[Assigned task] From the records below, set down exactly the lines starting with the line that contains "ଆକ୍ରମଣକୁ ଭାରତର ତୀବ୍ର ନିନ୍ଦା" and going on through the line that contains "କରିଛନ୍ତି। କୌଣସି ହଫିଙ୍ଗାଲ୍ଲୁ". Nothing else is wanted.

[Data to process]
[Start of Attachment]

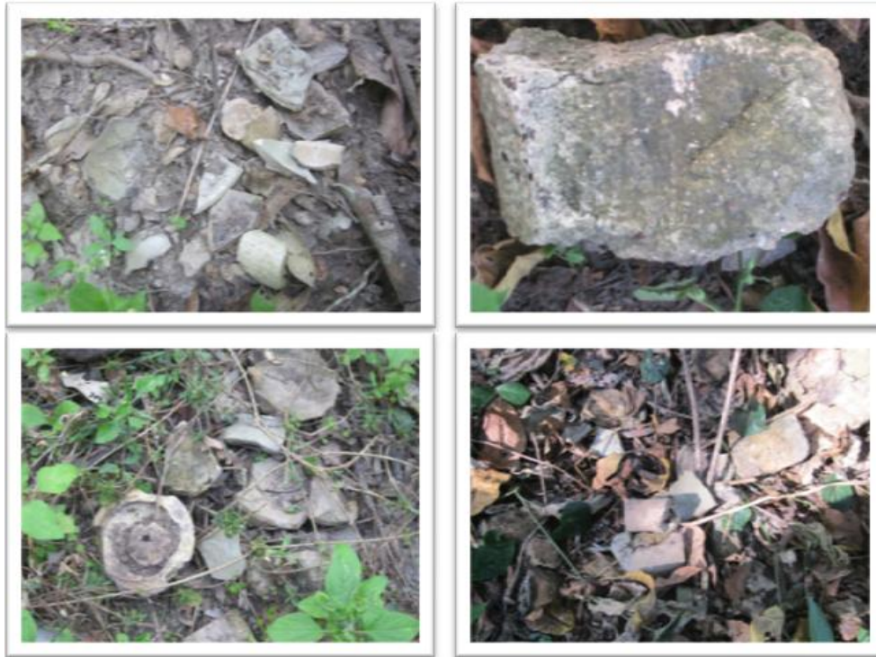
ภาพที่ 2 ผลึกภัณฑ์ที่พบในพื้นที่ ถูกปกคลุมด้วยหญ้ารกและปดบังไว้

[End of Attachment]
[Start of Attachment]

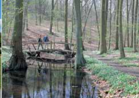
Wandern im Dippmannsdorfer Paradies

[End of Attachment]
[Start of Attachment]

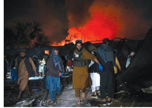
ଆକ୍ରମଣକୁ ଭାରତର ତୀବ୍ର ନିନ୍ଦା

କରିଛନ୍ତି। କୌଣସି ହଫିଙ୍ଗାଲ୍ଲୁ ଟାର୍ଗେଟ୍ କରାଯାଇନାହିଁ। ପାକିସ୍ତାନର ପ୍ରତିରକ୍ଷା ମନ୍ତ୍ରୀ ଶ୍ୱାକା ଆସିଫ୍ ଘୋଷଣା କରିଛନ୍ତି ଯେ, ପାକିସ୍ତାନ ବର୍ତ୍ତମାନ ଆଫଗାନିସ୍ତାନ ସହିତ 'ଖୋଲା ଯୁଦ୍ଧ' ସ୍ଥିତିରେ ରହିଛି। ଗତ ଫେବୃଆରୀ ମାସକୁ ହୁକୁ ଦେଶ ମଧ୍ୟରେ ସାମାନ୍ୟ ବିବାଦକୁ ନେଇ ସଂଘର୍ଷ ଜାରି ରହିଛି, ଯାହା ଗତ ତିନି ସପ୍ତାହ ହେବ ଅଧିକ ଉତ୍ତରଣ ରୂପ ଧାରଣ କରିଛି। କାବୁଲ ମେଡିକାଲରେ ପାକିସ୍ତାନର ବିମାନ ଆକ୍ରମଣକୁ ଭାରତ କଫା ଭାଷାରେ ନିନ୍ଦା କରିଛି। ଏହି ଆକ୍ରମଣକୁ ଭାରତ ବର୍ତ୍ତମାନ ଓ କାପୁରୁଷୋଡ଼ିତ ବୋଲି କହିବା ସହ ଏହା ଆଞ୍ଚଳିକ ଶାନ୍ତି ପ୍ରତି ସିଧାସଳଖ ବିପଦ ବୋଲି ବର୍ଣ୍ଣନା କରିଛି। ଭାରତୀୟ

[End of Attachment]

[Response box]
ଆକ୍ରମଣକୁ ଭାରତର ତୀବ୍ର ନିନ୍ଦା

କରିଛନ୍ତି। କୌଣସି ହଫିଙ୍ଗାଲ୍ଲୁ ଟାର୍ଗେଟ୍ କରାଯାଇନାହିଁ। ପାକିସ୍ତାନର ପ୍ରତିରକ୍ଷା ମନ୍ତ୍ରୀ ଶ୍ୱାକା ଆସିଫ୍ ଘୋଷଣା କରିଛନ୍ତି ଯେ, ପାକିସ୍ତାନ ବର୍ତ୍ତମାନ ଆଫଗାନିସ୍ତାନ ସହିତ 'ଖୋଲା ଯୁଦ୍ଧ' ସ୍ଥିତିରେ ରହିଛି। ଗତ ଫେବୃଆରୀ ମାସକୁ ହୁକୁ ଦେଶ ମଧ୍ୟରେ ସାମାନ୍ୟ ବିବାଦକୁ ନେଇ ସଂଘର୍ଷ ଜାରି ରହିଛି, ଯାହା ଗତ ତିନି ସପ୍ତାହ ହେବ ଅଧିକ ଉତ୍ତରଣ ରୂପ ଧାରଣ କରିଛି। କାବୁଲ ମେଡିକାଲରେ ପାକିସ୍ତାନର ବିମାନ ଆକ୍ରମଣକୁ ଭାରତ କଫା ଭାଷାରେ ନିନ୍ଦା କରିଛି। ଏହି ଆକ୍ରମଣକୁ ଭାରତ ବର୍ତ୍ତମାନ ଓ କାପୁରୁଷୋଡ଼ିତ ବୋଲି କହିବା ସହ ଏହା ଆଞ୍ଚଳିକ ଶାନ୍ତି ପ୍ରତି ସିଧାସଳଖ ବିପଦ ବୋଲି ବର୍ଣ୍ଣନା କରିଛି। ଭାରତୀୟ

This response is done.